Why do athletes take supplements? The following table lists the most commonly cited reasons for use.
| TABLE-1
REASONS FOR USE |
The "Edge"
Alterations in body composition
Weight management
Injury prevention
Exercise Recovery
Increased Energy
Peer Use |
Which supplements are taken most frequently? Table-2 lists the most commonly used supplements.
| TABLE-2
MOST COMMONLY USED SUPPLEMENTS |
Creatine
Ginseng
Ephedra
Protein supplements: Powders/Amino Acids
Vitamin-Mineral Supplements
Anti-inflammatory supplements |
ANABOLIC AGENTS
The most frequently and widely used category of nutritional ergogenic aids are those with supposed anabolic effects, to mimic the benefits of steroids in a legal manner. Creatine is by far, the most widely used supplement taken by both recreational and professional athletes. Creatine is synthesized in the kidneys, pancreas and liver from amino acid precursors, methionine, arginine, and glycine. It is also found in meat, fish and poultry and is absorbed intact by the gut when ingested. The ergogenic effect of creatine is attributed to its ability to increase tissue creatine levels, resulting in increased work capacity for intense activity and expediting the exercise recovery rate. This effect is seen more with activities requiring maximal or near maximal effort , not those involving submaximal endurance exercise.
These benefits are most likely to be seen with a loading regimen of 20-25 grams of creatine over 5-7 days, divided into 4, 5 gram doses. For optimal effect, each dose of creatine should be consumed with a meal containing 90 grams of carbohydrate, and without caffeine., which can counteract the ergogenic effect. Muscle hypertrophy and fluid retention can cause a weight gain of 4-7 pounds during the loading phase. This increase may be advantageous for the strength athlete, but less so for the athlete who must move quickly. The extra weight may be of a detriment than a benefit. Short term studies do not show an increase in muscle strains, cramps or muscle pulls with creatine, but encouraging the athlete to maintain optimal hydration status is crucial. Creatine loading is sufficient to achieve the ergogenic effect, as the creatine levels will fall to pre-supplementation levels 6 weeks post loading. Another appropriate loading dose is 3 grams per day over a 1 month time period. Use should be discontinued with training cessation or injury. Since studies have not been conducted on high school athletes, it would be prudent to dissuade this group from supplementing with creatine, however, since this is not always possible, try to encourage young athletes to use only ½ the dose, and reinforce the need for adequate training, fluid and fuel intake.
Other anabolic agents include HMB (beta-hydroxy-beta-methyl-butyrate) which in clinical studies has resulted in an increased in muscle mass, but the number of studies has been quite small. Boron is a trace mineral involved in cellular functions, but does not increase testosterone levels as claims would suggest. It can suppress appetite and impair digestion in doses > 50 mg per day. Yohimbe is derived from the tree bark of a South American plant, and confers a stimulant effect, not an anabolic effect. Ingestion of this product can cause dizziness, nervousness, headaches, nausea, vomiting and increased blood pressure. It can also interact with blood pressure medication and can increase the toxicity of psychotherapeutic medications and may be harmful to the kidneys. Chromium is an essential mineral involved in blood glucose control, that can be taken in a dosage of 50-300 mcg/day, but it does not have any anabolic effects.
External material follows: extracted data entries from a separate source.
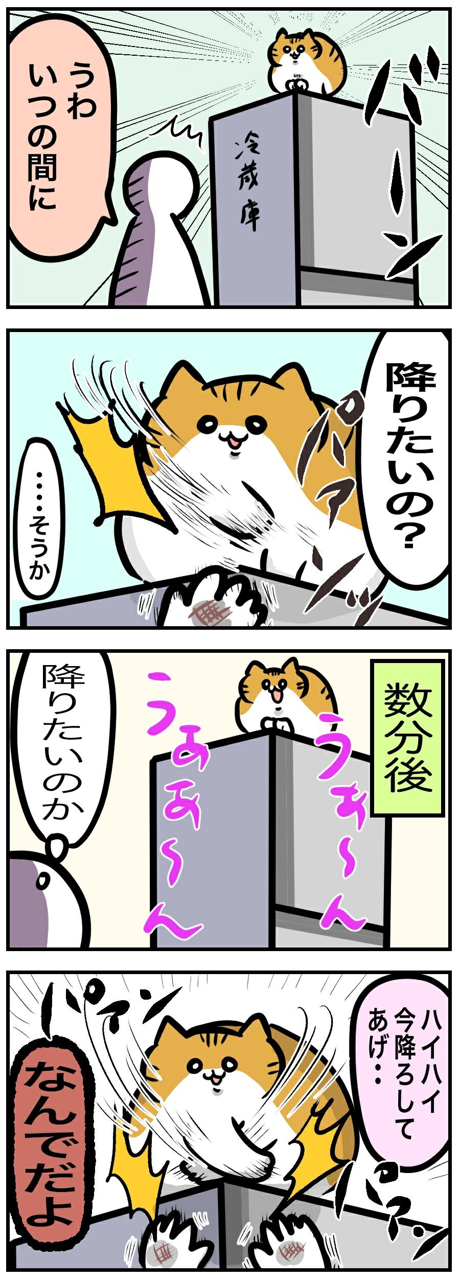 猫が冷蔵庫に乗ってる!?→降ろそうとした結果・・
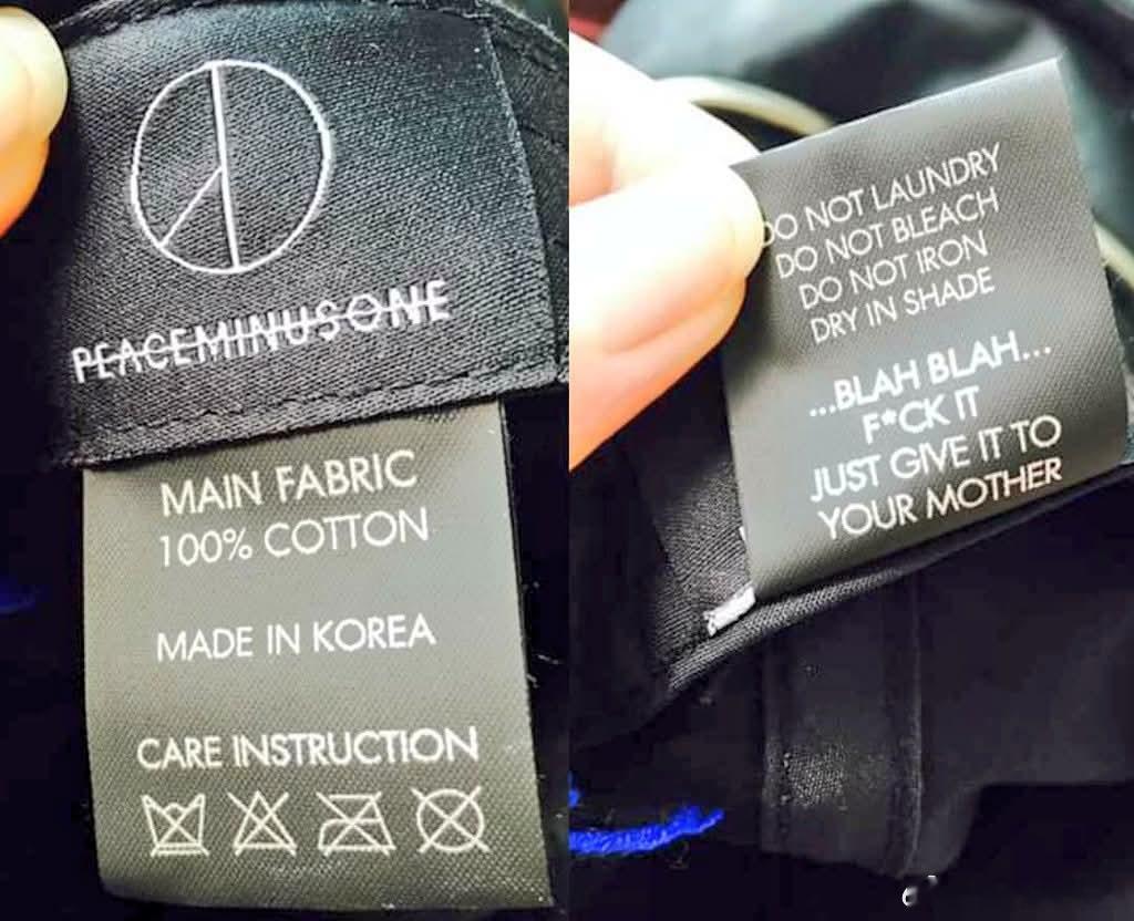 网友扒出权志龙此前品牌的衣标内容:“不要水洗、不要漂白、不要熨烫、阴干什么什么的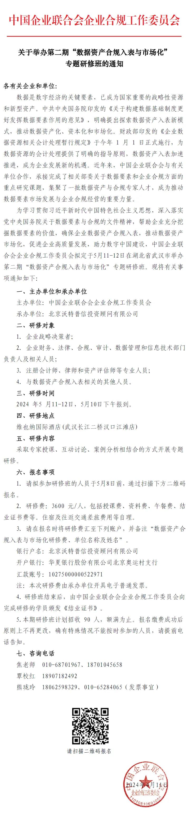 现转发中国企业联合会文件《关于举办第二期“数据资产合规入表与市场化”专题研修班的通知》。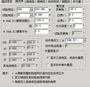 微機繼電保護測試儀的測邊界作者:合眾電氣發布時間:2021-08-16瀏覽量:3965 次字體顯示:【大】【中】【小】 微機繼電保護測試儀的測邊界。 測邊界 自動測試出方向性保護的兩個動作邊界,并且自動計算出最大靈敏角。在“顯示動作角矢量圖”的顯示方式下,從主界面右側的圖中可以很直觀地觀察到兩條邊界線和最大靈敏線。上一篇: 微機繼電保護測試儀試驗參量下一篇: 微機繼電保護測試儀測試項目的界面說明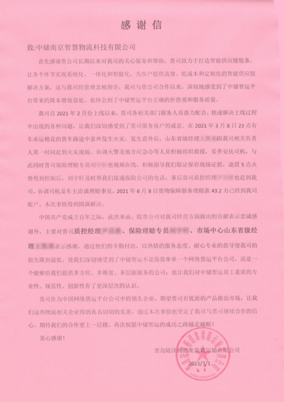 日前,一封來自青島陸洋暢通集裝箱運輸有限公司的感謝信,對網絡貨運平臺中儲智運在一起貨物自燃事故中,通過及時、專業的貨物保障服務挽回43.4萬元損失給予了高度評價。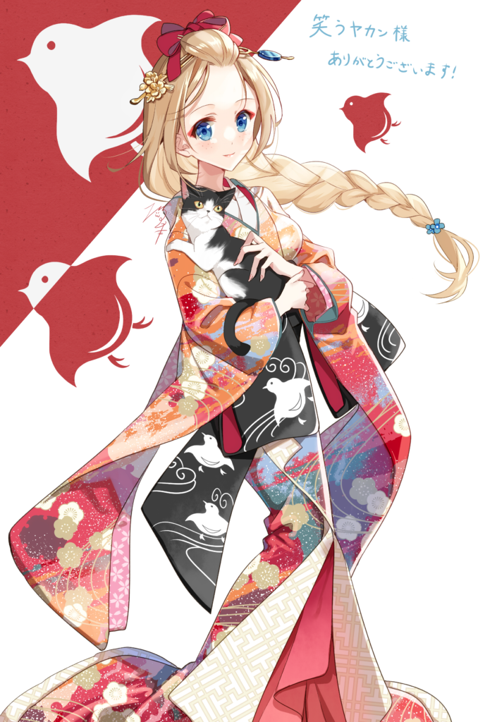 猫月先生の花魁シリーズ第10段。ついに2桁の大台に突入。すらっとした素朴なシルエットと太い三つ編みが可愛い! 胸に抱いたネコチャンと帯や背景の鳥も素晴らしい。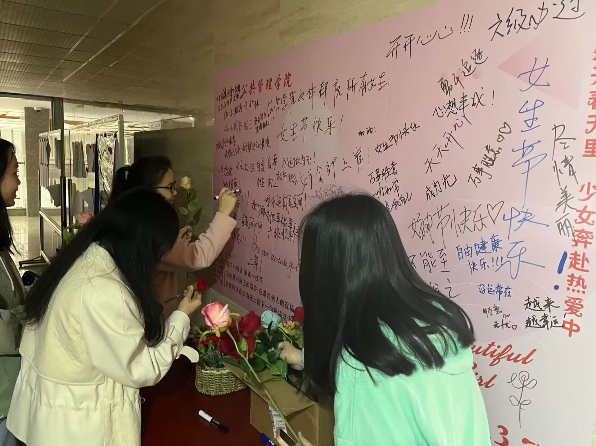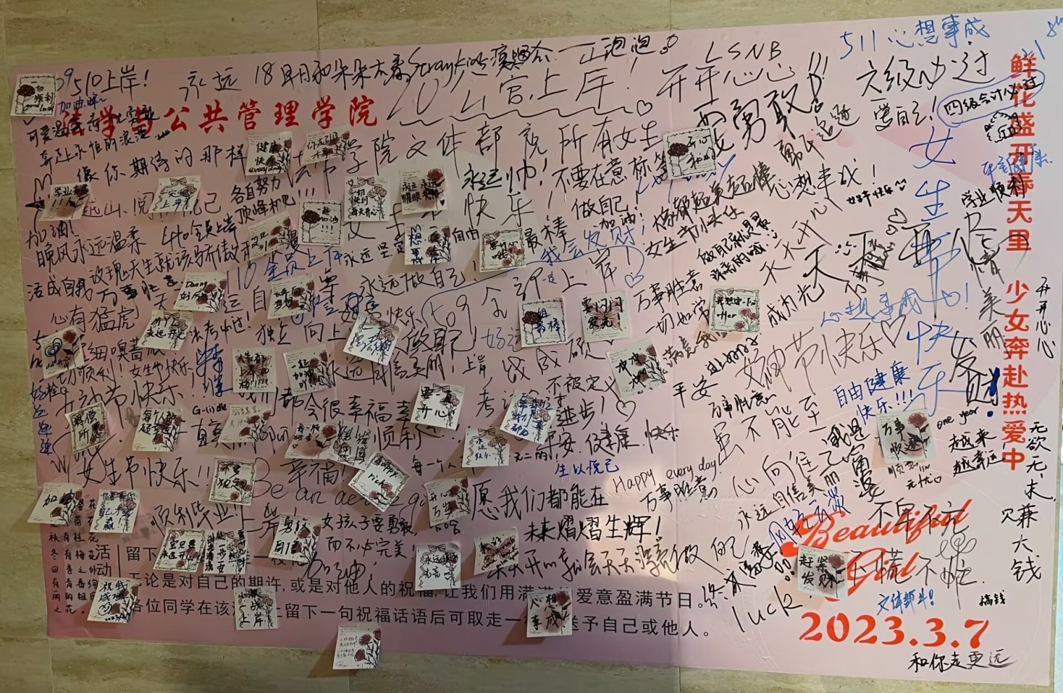 3月7日,文体部成员于立言楼二楼设置“春日鲜花礼”祝福墙,吸引众多同学前来参加活动,大家在留言板写下对自己的期许以及对各位女生真诚的祝福。留言板中“上岸”、“做自己”、“不被定义”的字样彰显着女孩子们积极向上的朝气与力量。此活动向大家传递春日温暖,也充分体现了我院对女性的尊重与爱护。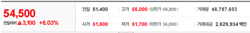 6/3일자 우리나라의 코스피 대장주인 삼성전자는 6.03%라는 놀라운 상승률을 보여줬습니다.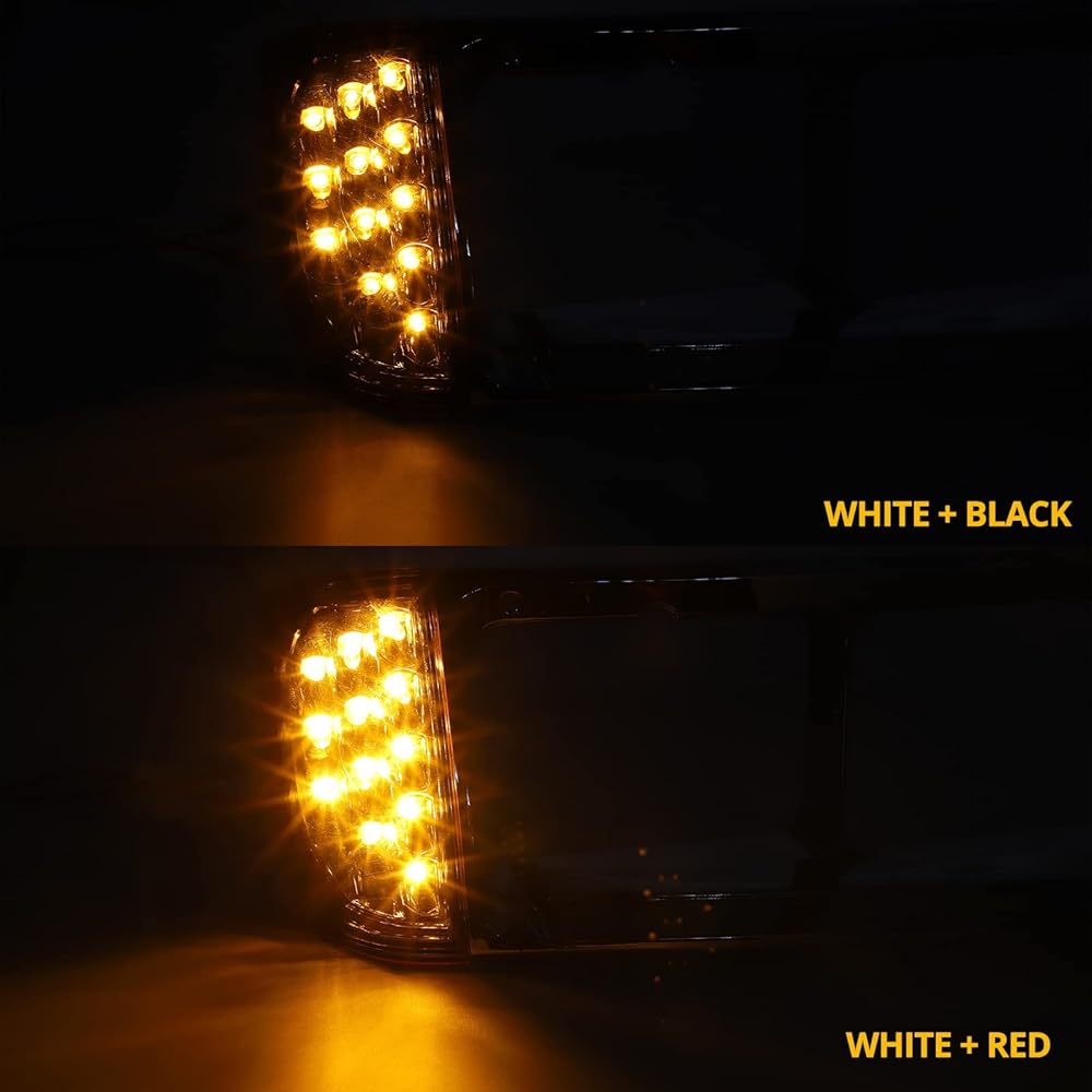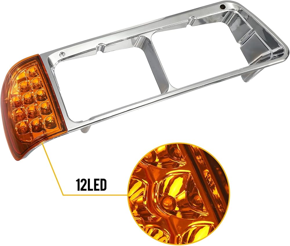 Packgage Included: A pair of Left Driver and Right Passenger Headlight Bezel with Amber LED Turn Signal Marker Light; Condition: 100% Brand New.

The other supposed anabolic agents include Dehydroepiandrosterone (DHEA), Androstenedione, and Tribulus Terrestris (Tribestan). All of these are banned by the NCAA, NFL, USOC, and The American Tennis Federation. Recently, an article published in JAMA demonstrated the ineffectiveness of androstenedione as an anabolic substance or strength enhancer, but did demonstrate potential worrisome side effects including a decrease in serum HDL level and an increase in serum estrone and estradiol increasing the likelihood of gynecomastia.(breast enlargement). Several laboratory tests have shown that the amount of actual product in these supplements can vary dramatically.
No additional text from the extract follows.